Results analysis from Kepler Trust Intelligence
RNS Number : 9489Y
Downing Strategic Micro-Cap IT PLC
10 May 2023
 

Downing Strategic MicroCap (DSM)

10/05/2023

Results analysis from Kepler Trust Intelligence

·    In the full year to 28/02/2023, Downing Strategic MicroCap (DSM) reported a NAV decrease of 8.7% and a 9.7% decrease in the share price, outperforming the FTSE AIM All-Share TR index over the period, which fell 17.4%

·    This marked the third consecutive year of outperformance for the trust, as several of its investments reach maturity

·    A couple of headline realisations over the period, including one sale at a 74.8% premium to the share price, demonstrated the DSM investment case, which seeks out mispriced companies with clear improvement potential

·    The managers believe that small caps' ability to be nimble will prove fertile over the coming year despite challenging conditions, with the trust's portfolio holdings largely holding cash on their balance sheets

·    The trust currently sits on a discount of -15.5% as small caps more broadly remain out of favour in a rising rate environment

Kepler View

Downing Strategic Micro-Cap (DSM) has published another set of strong results, outperforming both the AIM and FTSE Small Cap indices for the third year running. Having consistently touted the long-term potential of its investments - with the investment case across the board generally focused on realising value over time as a result of improvement stories - the trust's strategy appears to now be proving its effectiveness over a challenging market cycle.

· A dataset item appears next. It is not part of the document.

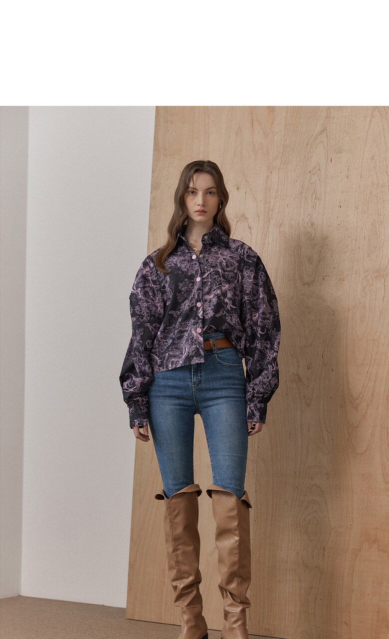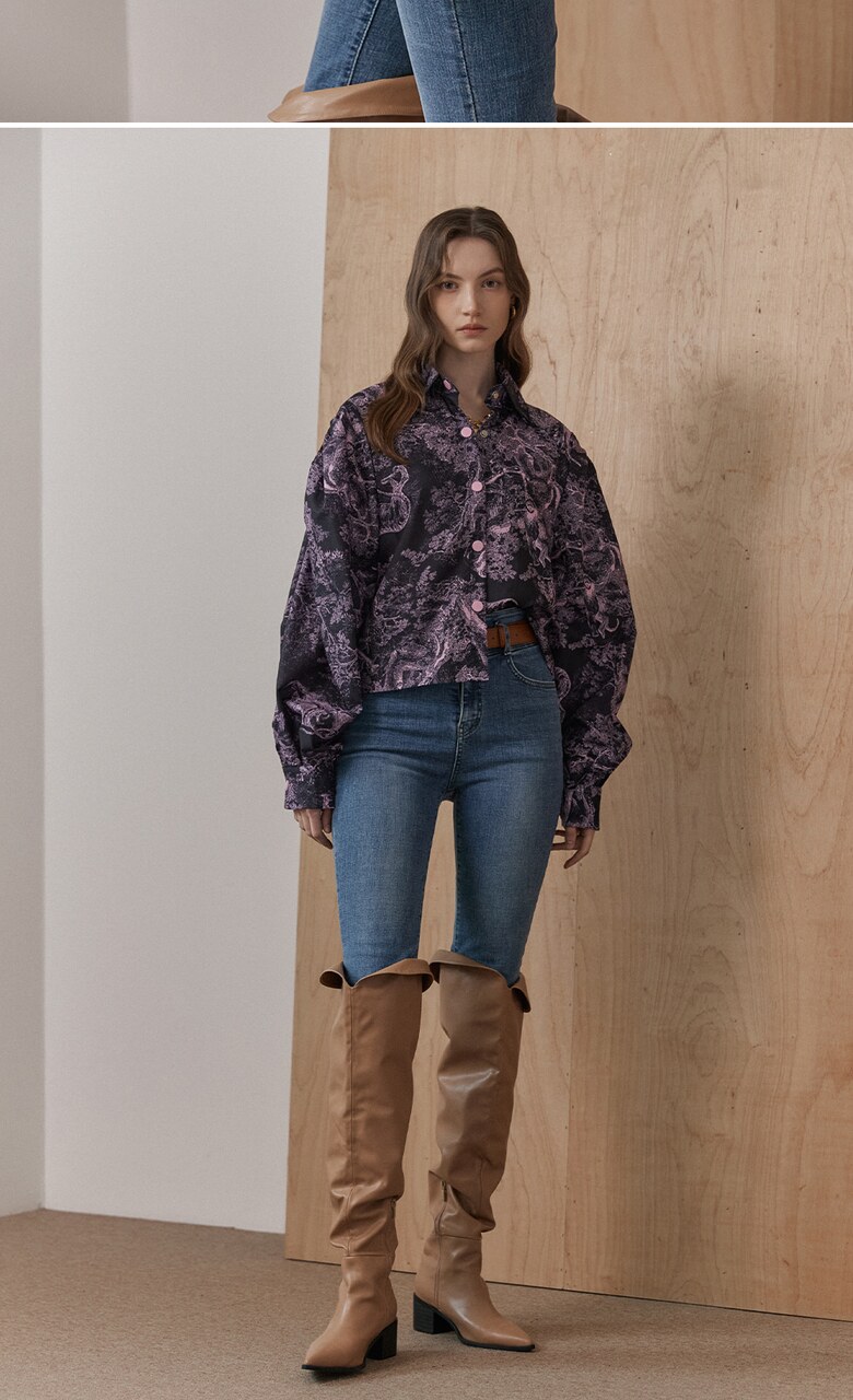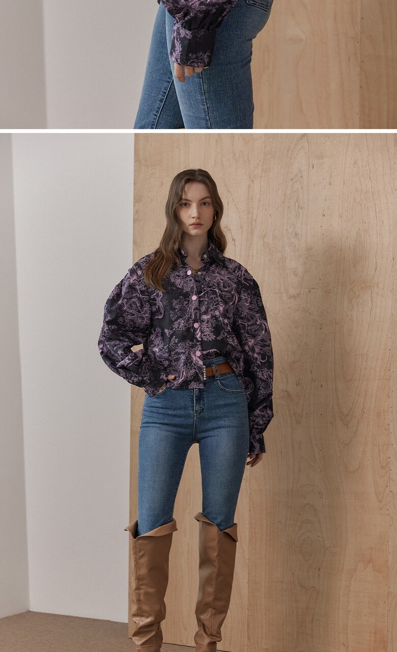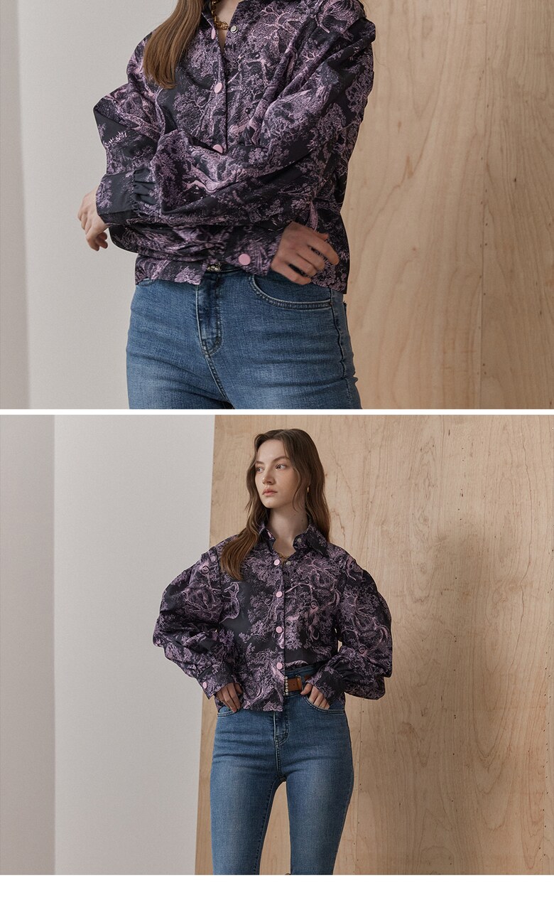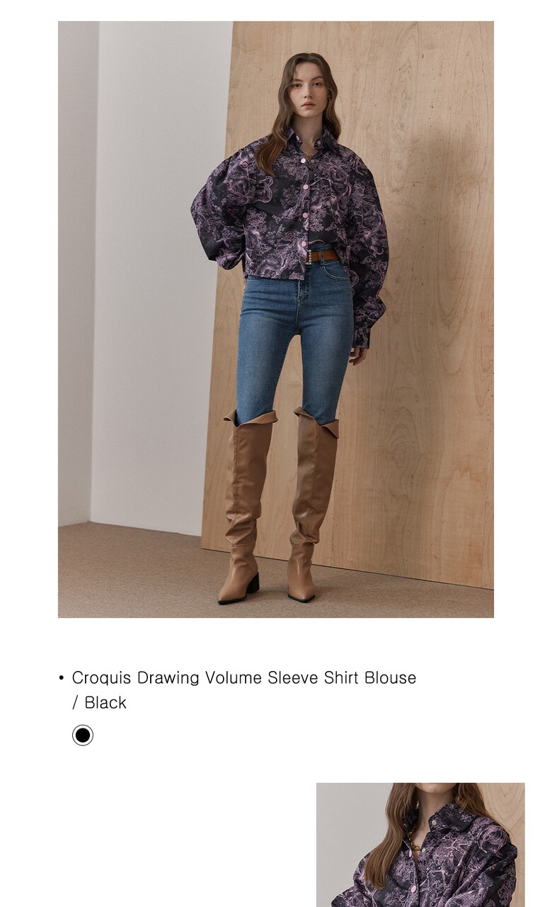 크로키 드로잉 볼륨소매 셔츠 블라우스

Notable highlights during the year include the acquisition of AdEPT by Macquarie Group subsidiary Wavenet Group at a premium of 74.8% to the closing price on 07/02/2023. This process was at least in part driven by DSM's managers, Judith Mackenzie and Nick Hawthorn, with the pair believing that AdEPT would struggle to improve the multiple it was trading on given the significant debt on its balance sheet.

Other highlights in a portfolio focused on idiosyncratic opportunities include a 23.9% rise in the share price of Centaur Media over the period, despite an apparently challenging environment for media-oriented businesses. Judith and Nick believe the business has potential to grow further in 2023, with a strong balance sheet allowing for further distributions to shareholders.

All this good news aside, the NAV fell by 8.7% over the year, as small caps generally suffered from a perception of riskiness in a rising rate environment. Within the portfolio, the companies that suffered most were FireAngel, as a result of supply chain issues impacting delivery, and DigitalBox, where headwinds for ad spending caused market sentiment to decline dramatically.

Looking forward, the managers say that there is significant potential for earnings upgrades in many of the trust's 10 largest portfolio holdings over the next 12-24 months. These come from mixed sources, including latent COVID recovery and improving online and digital offerings from several portfolio companies. The team provide a detailed explanation on the investment case for each of their holdings in the announcement, accessible via the link below. With acquirers circling the UK, the portfolio is poised for further M&A.